- Scientists found a doughnut-like area at the upper boundary of the outer core.
- This less dense area aids in mixing the molten metal, thereby producing the magnetic field.
Researchers have discovered an enormous doughnut-like formation hidden deep within Earth’s interior.
Scientists from the Australian National University utilized seismic waves created by earthquakes to gaze into the Earth's enigmatic liquid center.
By following the trajectory of these waves across the Earth, scientists discovered a layer approximately hundreds of kilometers deep where their speed decreased by two percent compared to usual.
This doughnut-shaped formation circles the Earth’s liquid outer core along an equatorial path, potentially playing a key role in generating our planet's shielding magnetic field.
Professor Hrvoje Tkalčić, who led the research, states: "The magnetic field is an essential component required to maintain life on Earth's surface."
Our planet consists of four primary layers. the exterior crust, the partially molten mantle, a fluid metallic outer core, and a solid metallic inner core.
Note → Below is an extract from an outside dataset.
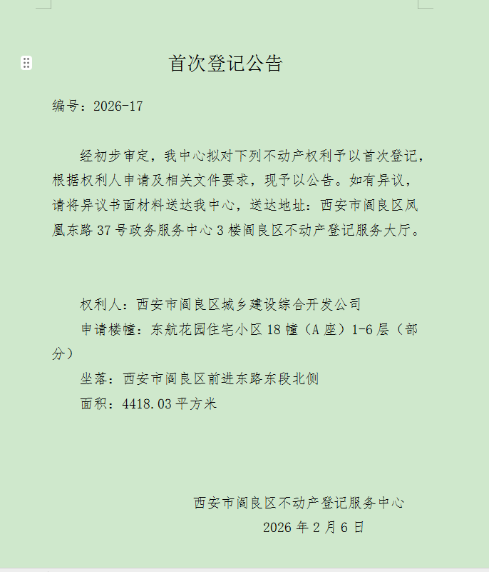 首次登记公告 编号:2026-17

When the movement of tectonic plates in the crust creates earthquakes, these produce vibrations that spread out through all the other layers of the Earth.
Leveraging the global network of seismic monitoring stations, Researchers can observe how the waves propagate and use this information to forecast the circumstances beneath the water's surface.
Researchers typically focus on the large, strong wavefronts that circulate globally within the initial hour following an earthquake.
Nevertheless, Professor Tkalčić and his co-author Dr Xiaolong Ma managed to identify this pattern by examining the subtle remnants of waves that persisted for several hours following the original shock.
The technique demonstrated that seismic waves propagating close to the poles moved at a quicker pace compared to those nearer to the equator.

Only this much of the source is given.